Simple Space for the Kokoro Model
Generate text transcripts with timestamps from audio or video
Transcribe or translate audio and YouTube videos
Generate natural-sounding speech from text using OpenAI's API
Generate realistic audio from text
F5-TTS & E2-TTS: Zero-Shot Voice Cloning (Unofficial Demo)
Generate speech from text with customizable voices
Accessibility PDF & pasted text to speech converter w/ gTTs
Talk to Qwen2Audio with Gradio and WebRTC ⚡️
Ebook2audiobook docker space beta
Turn Any Article to Podcast
V1.0Convert any Ebook to AudioBook with Xtts + VoiceCloning!
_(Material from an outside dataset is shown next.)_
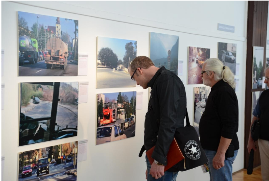
Izložba Život s automobilom (1972. - 2012.)

Tijekom četrdesetogodišnjeg rada stvorio je bogatu dokumentaciju od više tisuća negativa tematski podijeljenih na promet u zemlji i svijetu, razvoj auto servisne djelatnosti te tiskarstva u bivšoj državi.

Enhance your audio quality by removing noise
Kokoro is a speech synthesis tool designed to convert text into natural-sounding speech. It provides a simple and intuitive interface for generating audio from written content, leveraging advanced models and engines to deliver high-quality voice outputs.
• Multiple Voice Options: Choose from a variety of voices to match your needs.
• Language Support: Generate speech in multiple languages for global accessibility.
• Engine Flexibility: Utilize different speech synthesis engines for varying output styles.
• SSML Support: Customize speech patterns, pitch, and speed using Speech Synthesis Markup Language.
• Real-Time Generation: Quickly convert text to speech with minimal processing time.
What engines does Kokoro support?
Kokoro supports a range of engines, including Google Text-to-Speech, Amazon Polly, and others, depending on your setup.
Can I customize the speech output?
Yes, Kokoro allows you to customize speech using SSML, enabling control over pitch, speed, and emphasis.
Is Kokoro free to use?
Kokoro offers a free tier with basic features, but advanced options may require a subscription or payment.